Cesarean section on the risk of celiac disease in the offspring: The Teddy Study.

J. Pediatr. Gastroenterol. Nutr. 66, 417-424 (2017)
Verlagsversion Postprint DOI PMC
Open Access Green
OBJECTIVE: Cesarean section (C-section) is associated with various immune-mediated diseases in the offspring. We investigated the relationship between mode of delivery and celiac disease (CD) and CD autoimmunity (CDA) in a multinational birth cohort. METHODS: From 2004 to 2010, infants from the general population who tested positive for HLA DR3-DQ2 or DR4-DQ8 were enrolled in The Environmental Determinants for Diabetes in the Young (TEDDY) study. Children were annually screened for transglutaminase autoantibodies, if positive, they are retested after 3 to 6 months and those persistently positive defined as CDA. Associations of C-section with maternal (age, education level, parity, pre-pregnancy weight, diabetes, smoking, weight gain during pregnancy) and child characteristics (gestational age, birth weight) were examined by Fisher exact test or Wilcoxon rank-sum test.

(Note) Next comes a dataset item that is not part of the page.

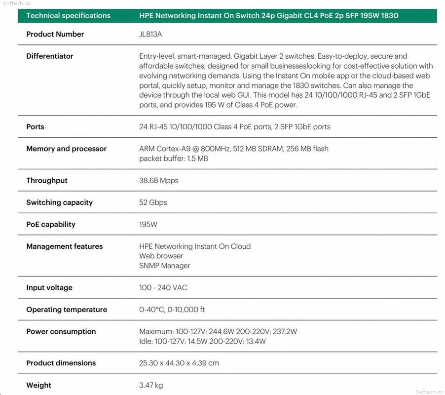 Aruba Instant On 1830 24G 12p Class4 PoE 2SFP 195W Switch (JL813A)

Hazard ratios (HRs) for CDA or CD were calculated by Cox proportional hazard regression models. RESULTS: Of 6087 analyzed singletons, 1600 (26%) were born by C-section (Germany 38%, United States 37%, Finland 18%, Sweden 16%), and the remaining were born vaginally without instrumental support; 979 (16%) had developed CDA and 343 (6%) developed CD. C-section was associated with lower risk for CDA (hazard ratio [HR] = 0.85; 95% confidence interval [CI] 0.73, 0.99 P = 0.032) and CD (HR = 0.75; 95% CI 0.58, 0.98; P = 0.034). After adjusting for country, sex, HLA-genotype, CD in family, maternal education, and breast-feeding duration, significance was lost for CDA (HR = 0.91; 95% CI 0.78, 1.06; P = 0.20) and CD (HR = 0.85; 95% CI 0.65, 1.11; P = 0.24). Presurgical ruptured membranes had no influence on CDA or CD development. CONCLUSION: C-section is not associated with increased risk for CDA or CD in the offspring.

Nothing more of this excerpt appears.